* Work item
Each line below must be reproduced exactly, though the pictures are to be dropped.

* Dataset
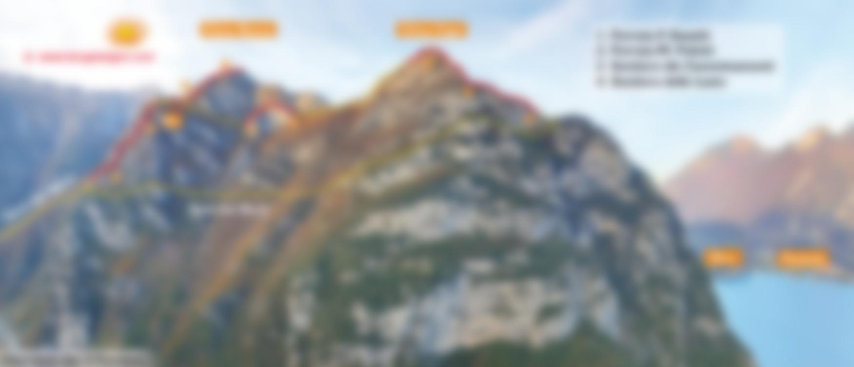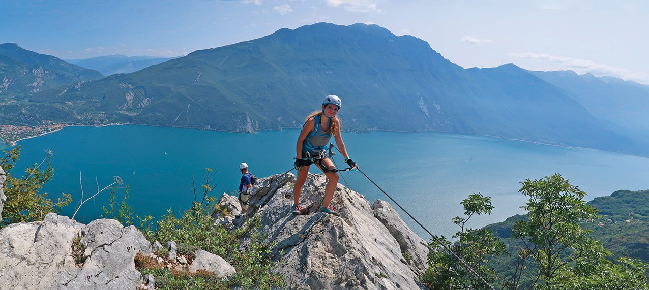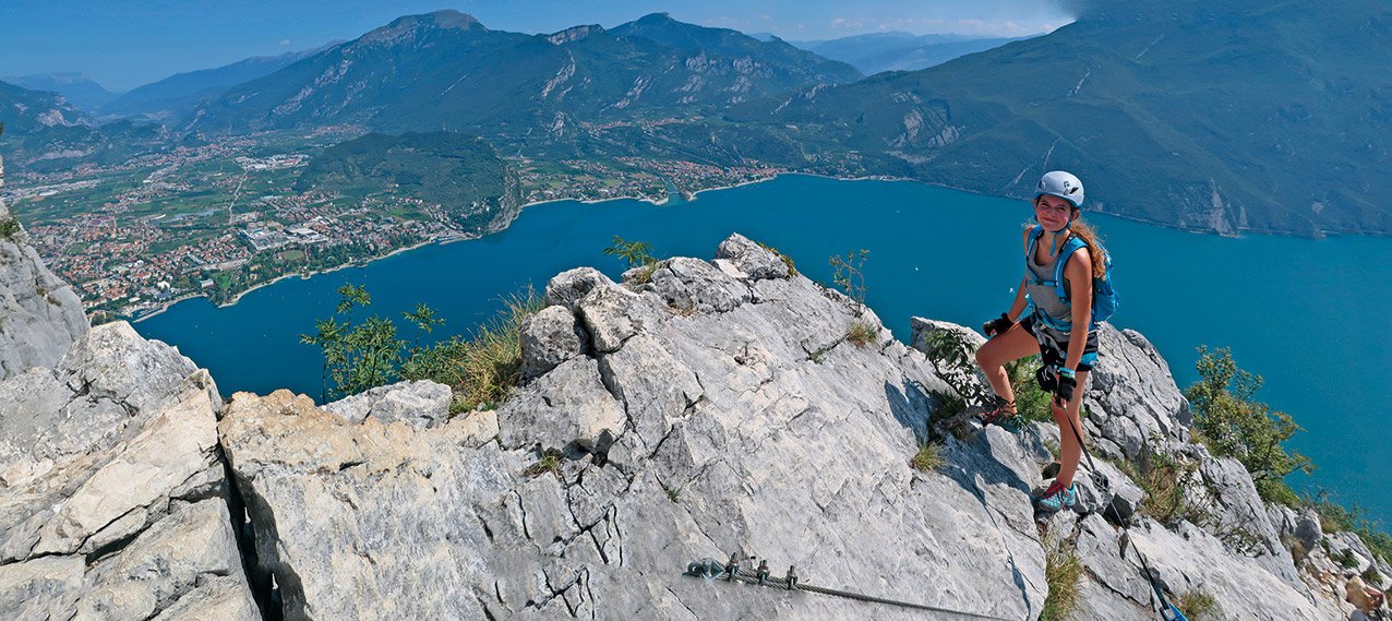 Unweit der Seemetropole Riva del Garda klettert man hoch über den blauen Fluten des Gardasees an der Südkante zum Gipfel der Cima Capi empor, von dort führen zwei weitere, sehr schön hergerichtete, leichte Klettersteige auf das Dach der Runde, den Gipfel der Cima Rocca. Egal ob man von Biacesa oder direkt von Riva del Garda zum Einstieg aufbricht, taucht man durch dichten Buschwald zu leichten, aber schönen Kletterpassagen und luftigen Graten empor. Oben dann das kühle Finale im Inneren der Cima Rocca. Der Gipfel des Berges lässt sich entweder über steile, versicherte Schützengräben oder in einem markierten Kavernensystem aus dem Ersten Weltkrieg im Inneren erforschen. Egal ob unter- oder oberirdisch, die landschaftlich schöne Klettersteigrunde ist vor allem bei Einsteigern sehr beliebt!
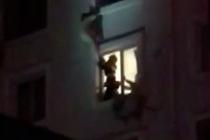 消防员冒死接坠楼女
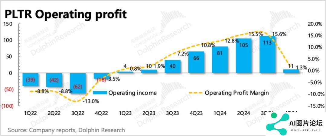 上季度海豚君预判控费周期已过,虽然Q4 Palantir确实进一步增加了开支(剔除SBC),但增速上看,从Q3的7%增长到Q4的15%,实际上也属于一个适度扩张。因此也没有给利润率带来太大的压力,继续靠着收入高增长提升。
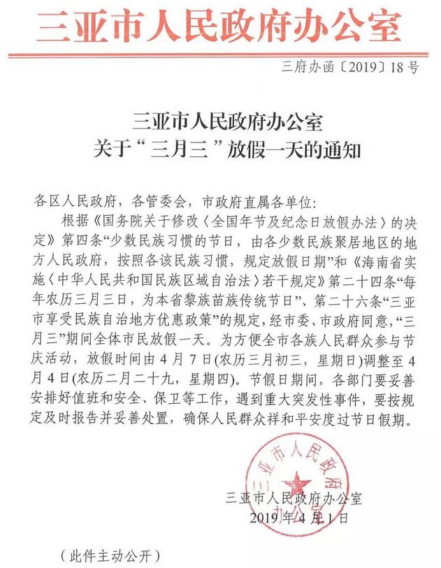 根據《國務院關于修改〈全國年節及紀念日放假辦法〉的決定》第四條“少數民族習慣的節日,由各少數民族聚居地區的地方人民政府,按照各該民族習慣,規定放假日期” 和《海南省實施〈中華人民共和國民族區域自治法〉若干規定》第二十四條“每年農歷三月三日,為本省黎族苗族傳統節日”、第二十六條“三亞市享受民族自治地方優惠政策”的規定,經市委、市政府同意,“三月三”期間全體市民放假一天。為方便全市各族人民群眾參與節慶活動,放假時間由4月7日 (農歷三月初三,星期日)調整至4月4日 (農歷二月二十九,星期四 )。節假日期間,各部門要妥善安排好值班和安全、保衛等工作,遇到重大突發性事件,要按規定及時報告并妥善處置,確保人民群眾祥和平安度過節日假期。
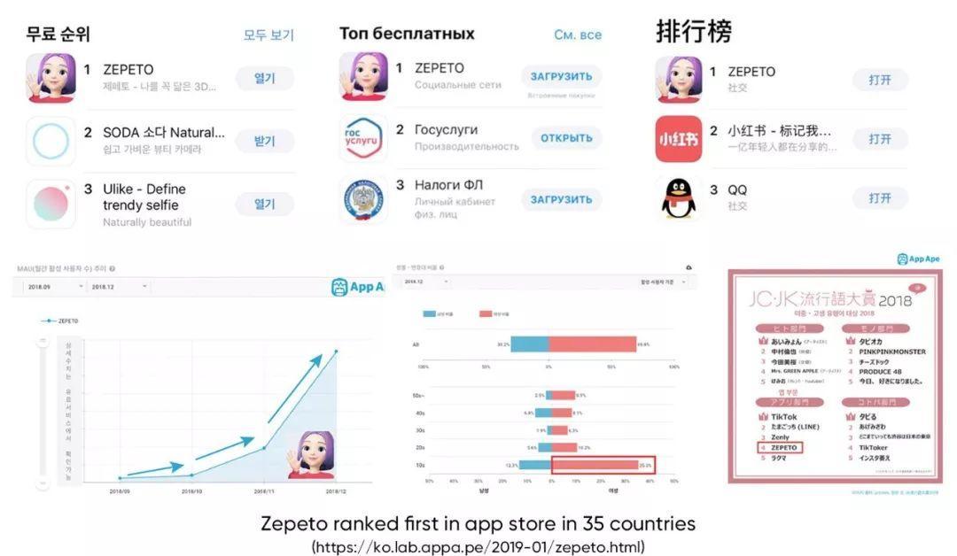 自2018年9月推出以来,ZEPETO在35个国家应用商店的免费应用类别中排名第一。自发布以来的短短三个月内,MAU(用户数量)增加了五倍,总下载量已超过1200万。(截至2018年12月20日)
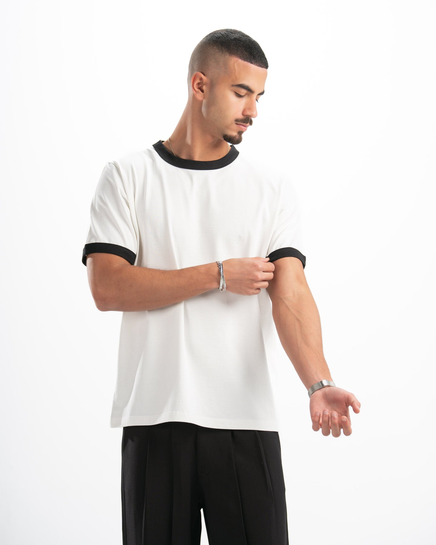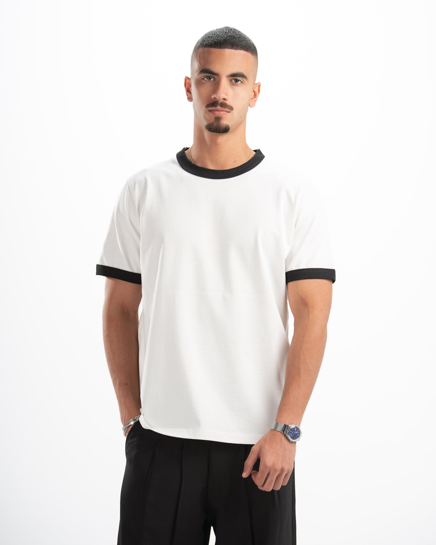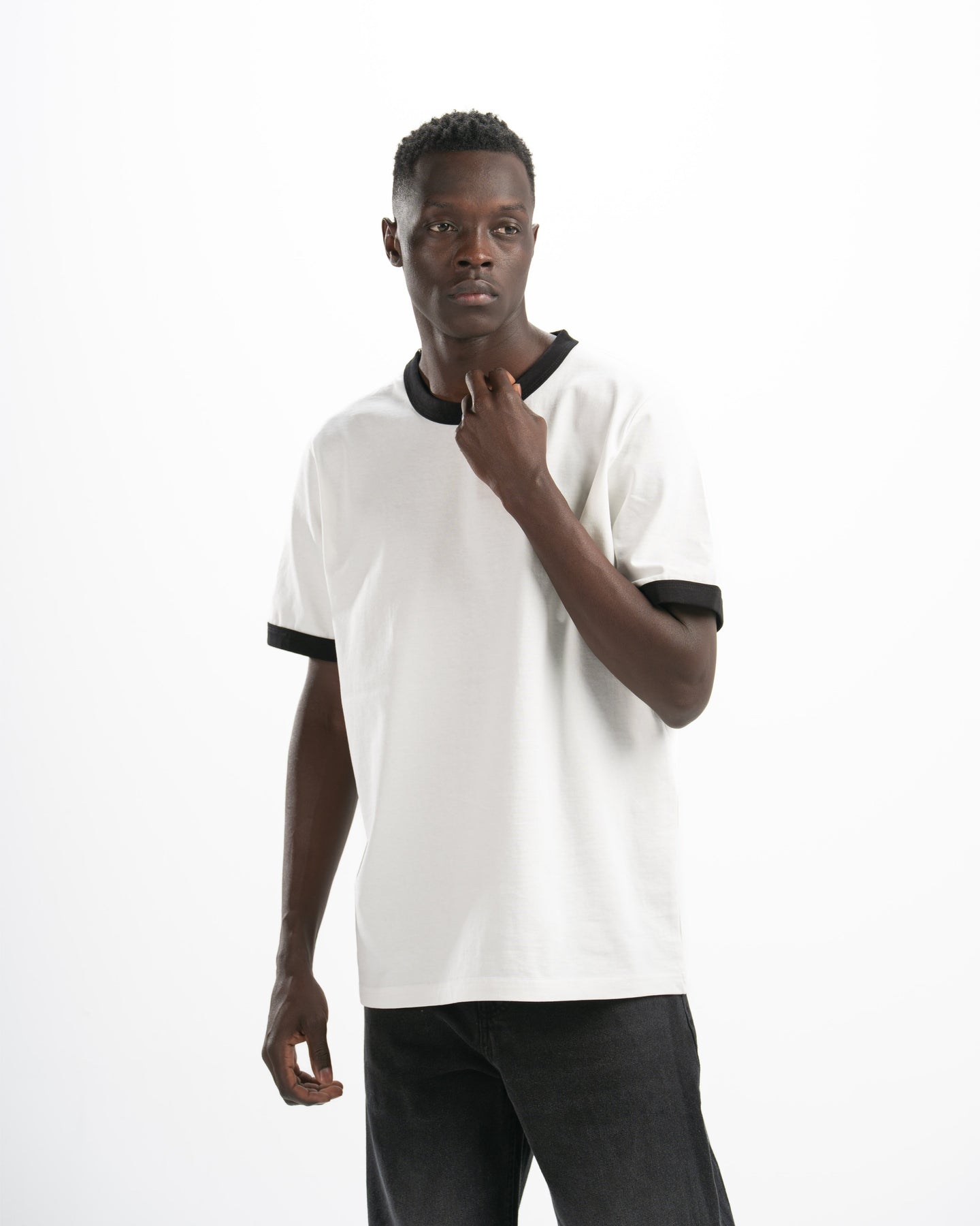 White Ringer Tee — Black
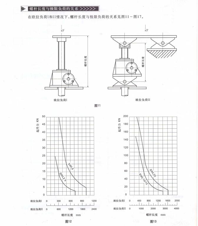 圖下給出了允許彎曲力矩下,絲桿長度與極限負(fù)荷的關(guān)系,根據(jù)絲桿行程和起升負(fù)荷,查出所需升降機(jī)的型號(hào)。
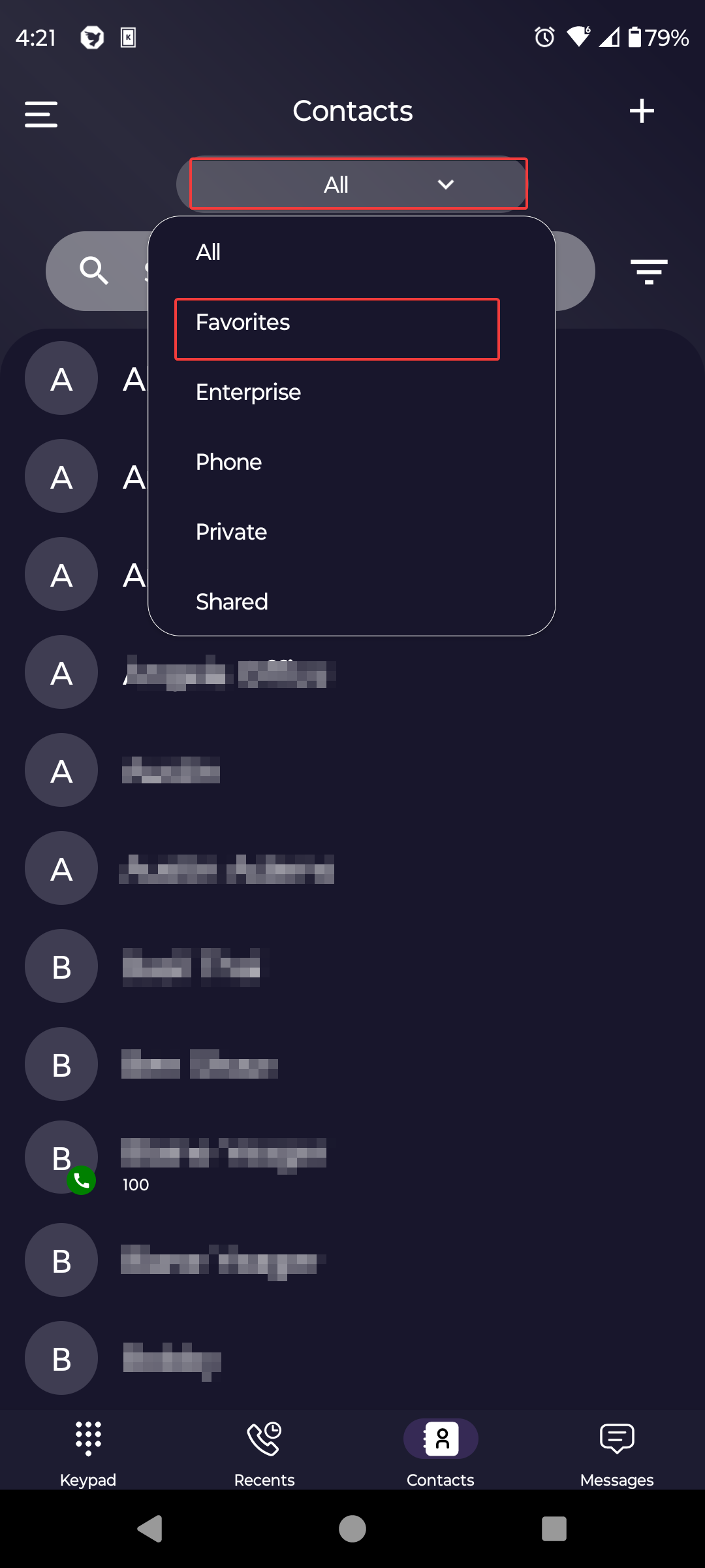 - In the Contacts tab, use the dropdown menu at the top to filter by Favorites.

* Result of this task
 Unweit der Seemetropole Riva del Garda klettert man hoch über den blauen Fluten des Gardasees an der Südkante zum Gipfel der Cima Capi empor, von dort führen zwei weitere, sehr schön hergerichtete, leichte Klettersteige auf das Dach der Runde, den Gipfel der Cima Rocca. Egal ob man von Biacesa oder direkt von Riva del Garda zum Einstieg aufbricht, taucht man durch dichten Buschwald zu leichten, aber schönen Kletterpassagen und luftigen Graten empor. Oben dann das kühle Finale im Inneren der Cima Rocca. Der Gipfel des Berges lässt sich entweder über steile, versicherte Schützengräben oder in einem markierten Kavernensystem aus dem Ersten Weltkrieg im Inneren erforschen. Egal ob unter- oder oberirdisch, die landschaftlich schöne Klettersteigrunde ist vor allem bei Einsteigern sehr beliebt!
 消防员冒死接坠楼女
 上季度海豚君预判控费周期已过,虽然Q4 Palantir确实进一步增加了开支(剔除SBC),但增速上看,从Q3的7%增长到Q4的15%,实际上也属于一个适度扩张。因此也没有给利润率带来太大的压力,继续靠着收入高增长提升。
 根據《國務院關于修改〈全國年節及紀念日放假辦法〉的決定》第四條“少數民族習慣的節日,由各少數民族聚居地區的地方人民政府,按照各該民族習慣,規定放假日期” 和《海南省實施〈中華人民共和國民族區域自治法〉若干規定》第二十四條“每年農歷三月三日,為本省黎族苗族傳統節日”、第二十六條“三亞市享受民族自治地方優惠政策”的規定,經市委、市政府同意,“三月三”期間全體市民放假一天。為方便全市各族人民群眾參與節慶活動,放假時間由4月7日 (農歷三月初三,星期日)調整至4月4日 (農歷二月二十九,星期四 )。節假日期間,各部門要妥善安排好值班和安全、保衛等工作,遇到重大突發性事件,要按規定及時報告并妥善處置,確保人民群眾祥和平安度過節日假期。
 自2018年9月推出以来,ZEPETO在35个国家应用商店的免费应用类别中排名第一。自发布以来的短短三个月内,MAU(用户数量)增加了五倍,总下载量已超过1200万。(截至2018年12月20日)
 White Ringer Tee — Black
 圖下給出了允許彎曲力矩下,絲桿長度與極限負(fù)荷的關(guān)系,根據(jù)絲桿行程和起升負(fù)荷,查出所需升降機(jī)的型號(hào)。
 - In the Contacts tab, use the dropdown menu at the top to filter by Favorites.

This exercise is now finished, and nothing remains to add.